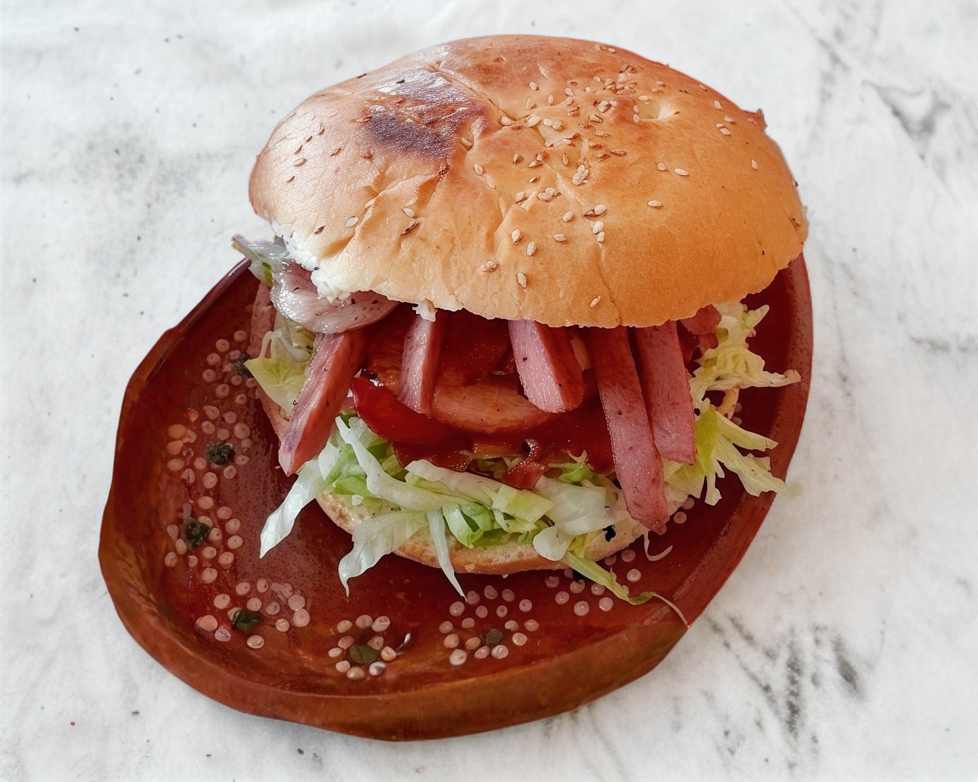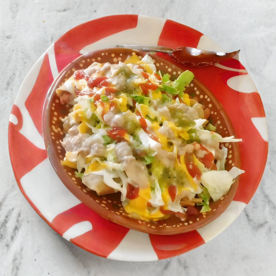 Carne de res, queso amarillo, jitomates, cebolla, lechuga y aderezos.
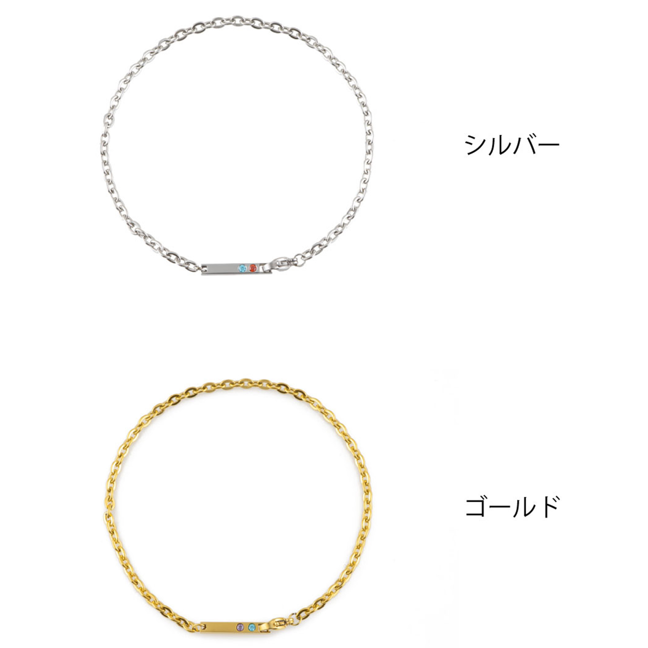 大口注文・法人のお問い合わせはこちらAlways Together = ALTO(アルト) =いつも一緒に・一体感 の意味を込めたブレスレット/アンクレットです。 留め具とメインパーツを一体にすることで、パーツ数を減らし、よりシンプルに且つ留め具が持ちやすく着用しやすくしております。 2ストーンはお互いの誕生石を入れてペアにおすすめです。 メインパーツ2種 チェーン2種 カラー2種のラインナップ。 ※本商品は左の2ストーンタイプの商品になります。
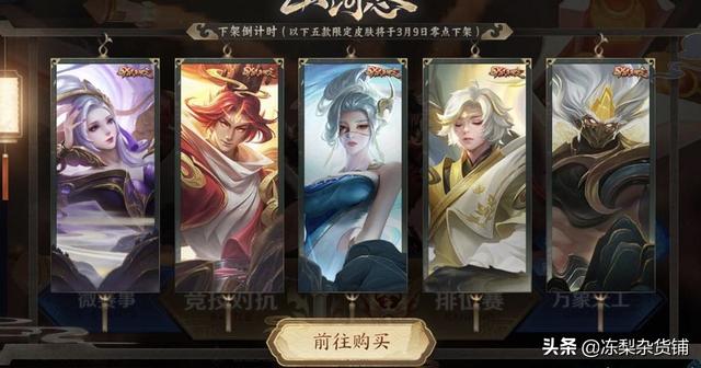 根据王者荣耀最新消息显示,本年度鼠年五岳限定皮肤将会在9号下架,有兴趣的玩家可不要错过,不然只能等到明年了。
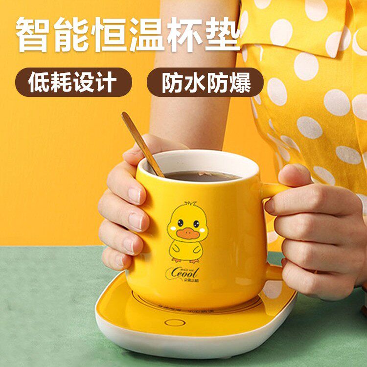 小黄鸭暖暖杯55度智能恒温杯办公室牛奶加热杯垫马克杯礼盒装定制
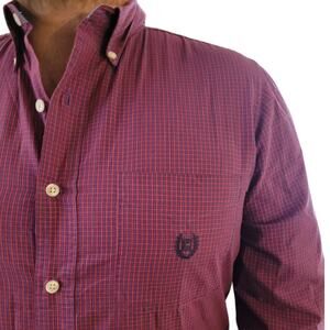 Vintage 1990s Chaps Mens Plaid Button Down Shirt Medium Red Blue Y2K Preppy
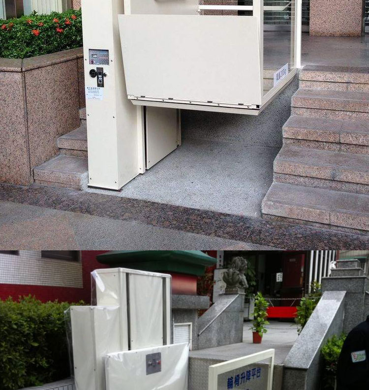 無障礙升降機(jī):是為殘疾人專門設(shè)計制造的升降機(jī)。為方便殘疾人出行及觀光,在社區(qū),醫(yī)院,學(xué)校,賓館,酒店,公共場所等地方。旅游觀光梯通道的自動扶梯旁,安裝了無障礙升降機(jī)。無障礙升降機(jī)可容納輪椅車出入,殘疾人或行動不便者只需按一下兩端的求助按鈕,值班人員就會立刻開啟自動升降機(jī).
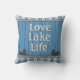 Add the name of your lake to this beautiful blue and grey pillow. Every lake house needs one.
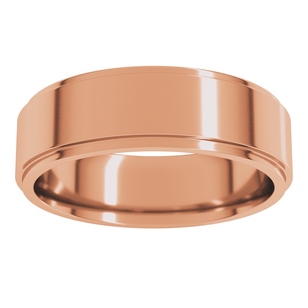 14K Rose 6 mm Stepped-Edge Comfort-Fit Flat Band Size 6.5
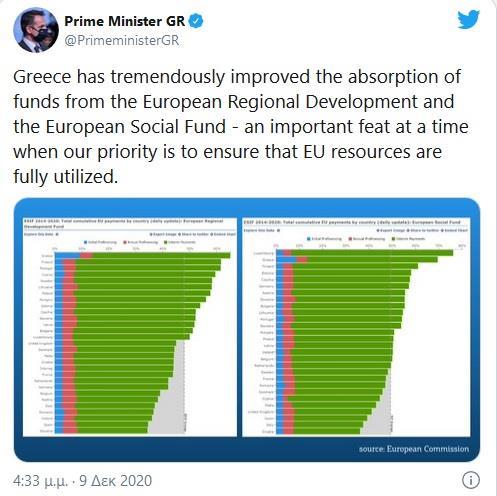 Την εντυπωσιακή βελτίωση του ποσοστού απορρόφησης των ευρωπαϊκών κονδυλίων χαιρέτισε ο πρωθυπουργός, Κυριάκος Μητσοτάκης, σε ανάρτησή του στο Twitter.
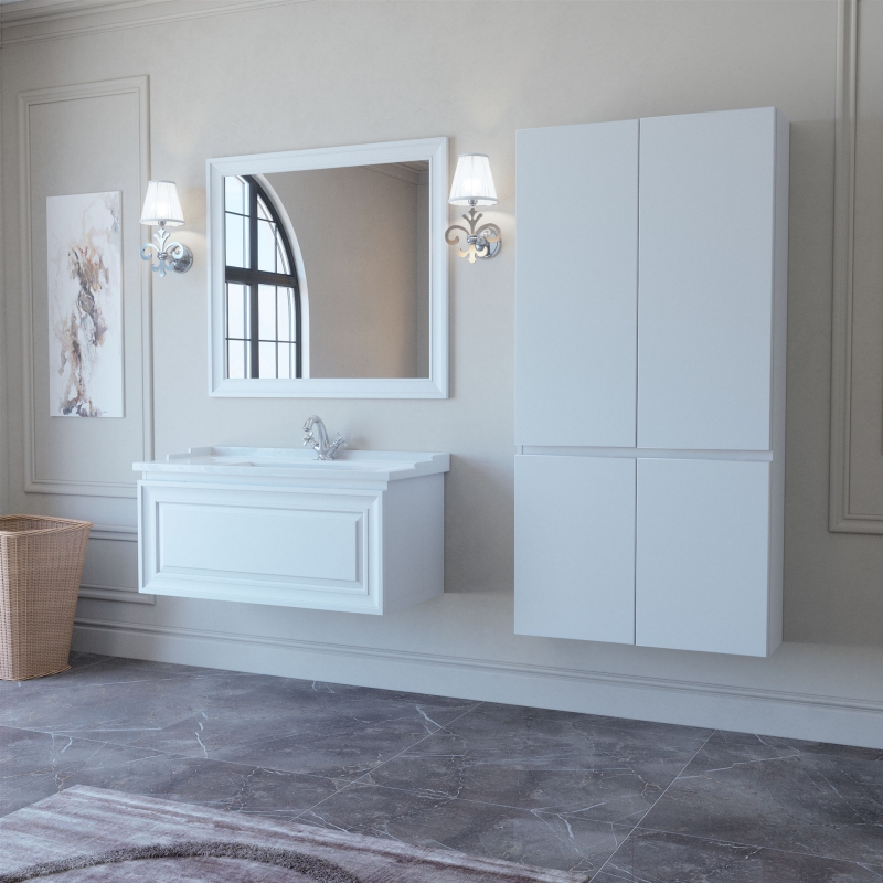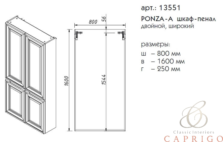 PONZA-A подвесной шкаф-пенал двойной производится только в отделках цветными эмалями согласно реестру отделок 6 стеклянные полки
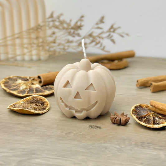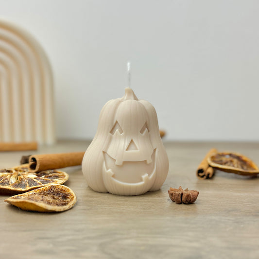 Beige Carved Pumpkin Halloween Candle - Spiced Pumpkin Candle - Carved Jack-O-Lantern
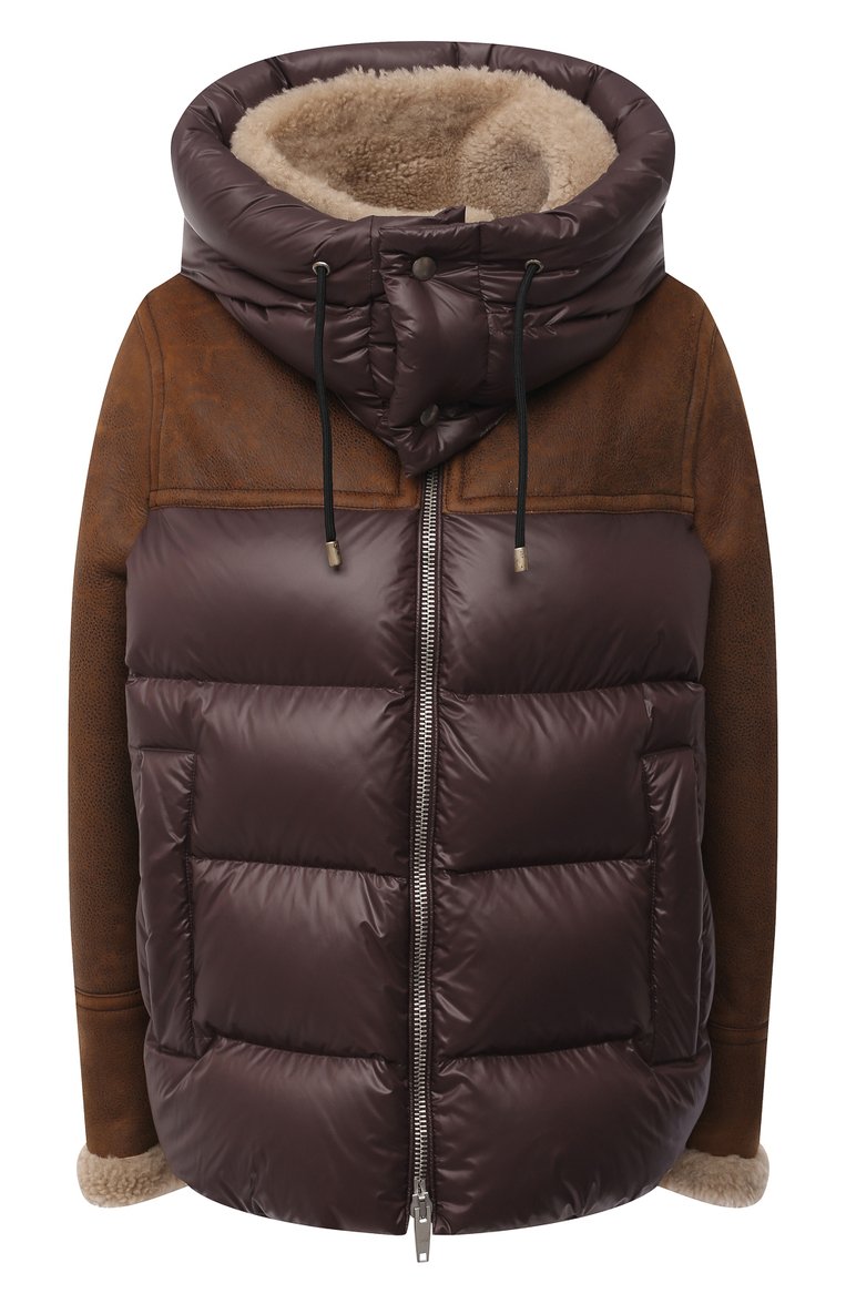 Пуховик из осенне-зимней коллекции не выглядит как модель в классическом прочтении за счет комбинации материалов. Куртке привили черты дубленки за счет вставки из плотной овчины с густым шелковистым мехом с изнаночной стороны. Изделие с объемным капюшоном выполнили из прочного текстиля, который не боится небольшого дождя.

---+---

Exercise instructions: What you hand back should match the listing exactly, except that no pictures appear.

Solution:
 Carne de res, queso amarillo, jitomates, cebolla, lechuga y aderezos.
 大口注文・法人のお問い合わせはこちらAlways Together = ALTO(アルト) =いつも一緒に・一体感 の意味を込めたブレスレット/アンクレットです。 留め具とメインパーツを一体にすることで、パーツ数を減らし、よりシンプルに且つ留め具が持ちやすく着用しやすくしております。 2ストーンはお互いの誕生石を入れてペアにおすすめです。 メインパーツ2種 チェーン2種 カラー2種のラインナップ。 ※本商品は左の2ストーンタイプの商品になります。
 根据王者荣耀最新消息显示,本年度鼠年五岳限定皮肤将会在9号下架,有兴趣的玩家可不要错过,不然只能等到明年了。
 小黄鸭暖暖杯55度智能恒温杯办公室牛奶加热杯垫马克杯礼盒装定制
 Vintage 1990s Chaps Mens Plaid Button Down Shirt Medium Red Blue Y2K Preppy
 無障礙升降機(jī):是為殘疾人專門設(shè)計制造的升降機(jī)。為方便殘疾人出行及觀光,在社區(qū),醫(yī)院,學(xué)校,賓館,酒店,公共場所等地方。旅游觀光梯通道的自動扶梯旁,安裝了無障礙升降機(jī)。無障礙升降機(jī)可容納輪椅車出入,殘疾人或行動不便者只需按一下兩端的求助按鈕,值班人員就會立刻開啟自動升降機(jī).
 Add the name of your lake to this beautiful blue and grey pillow. Every lake house needs one.
 14K Rose 6 mm Stepped-Edge Comfort-Fit Flat Band Size 6.5
 Την εντυπωσιακή βελτίωση του ποσοστού απορρόφησης των ευρωπαϊκών κονδυλίων χαιρέτισε ο πρωθυπουργός, Κυριάκος Μητσοτάκης, σε ανάρτησή του στο Twitter.
 PONZA-A подвесной шкаф-пенал двойной производится только в отделках цветными эмалями согласно реестру отделок 6 стеклянные полки
 Beige Carved Pumpkin Halloween Candle - Spiced Pumpkin Candle - Carved Jack-O-Lantern
 Пуховик из осенне-зимней коллекции не выглядит как модель в классическом прочтении за счет комбинации материалов. Куртке привили черты дубленки за счет вставки из плотной овчины с густым шелковистым мехом с изнаночной стороны. Изделие с объемным капюшоном выполнили из прочного текстиля, который не боится небольшого дождя.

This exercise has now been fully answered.